Nevertheless, since Professor Goldstein was committed at the outset to an examination of the insanity defense, his central chapters are devoted to an examination of the intrinsic merits of the various defenses which have been formulated over the years. Should insanity be left an open question, to be decided by the jury without the guidance of any set formula? I remember vividly how a few of us on the Royal Commission on Capital Punishment wrestled with this problem, and how we had to oppose the majority of our colleagues. Their first choice was to abrogate the Rules and leave it to the jury. We insisted that it was essential to have a legal standard of responsibility to limit arbitrary decisions on the part of the jury, to promote uniformity, and to help them decide between conflicting testimonies. We could not help a feeling of satisfaction when it turned out that our minority report got the majority support of public opinion and that, in fact, not much has since been heard in England about leaving the question open.


Much the same sort of thing seems to be happening in America. The Durham formula would have left it to the jury to decide whether the crime was the product of mental disease or mental defect. It falls short both in failing to give adequate guidance to the jury and in insisting on a very direct causal relationship between the mental defect and the criminal conduct. Professor Goldstein notes that court after court has refused to adopt the Durham Rule. He believes it is already clear that “the effort to eliminate functional definitions deprives the jury of an essential concreteness of statement.”

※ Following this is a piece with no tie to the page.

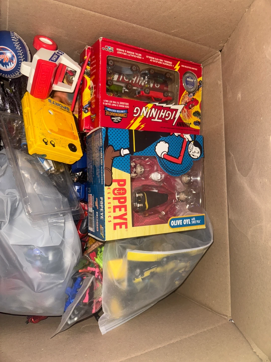 Selling a mixed lot of collectibles! Includes a Johnny Lightning commemorative die-cast car set and a Popeye Classics figure with Olive Oyl and Swee'Pea. Also has a yellow sports player and a baseball.

I still think that the formula adopted unanimously by the Royal Commission as its second choice was sufficiently enlightened and elastic to serve the interests of justice and of the individual defendant. It directed attention both to the defendant's knowledge of what he was doing and to his capacity to restrain himself. The formula since evolved, on similar lines, in the Model Penal Code seems to me even better, and this appears also to be Professor Goldstein's view. Although there is always scope for tinkering with details, it is a formula as good as any that is likely to evolve in the next fifty years.

The attractiveness of this book lies in the way it is presented and written. It deals with a somber subject, yet it is a pleasure to read. Casebooks, digests, technical dissertations, are inexorably killing the art of writing; it is good to know that Professor Goldstein has escaped such influences. The Insanity Defense, then, fulfills a double function. It can be understood and appreciated by any intelligent reader. Yet it should also be recommended to advanced students, both in law and in psychiatry.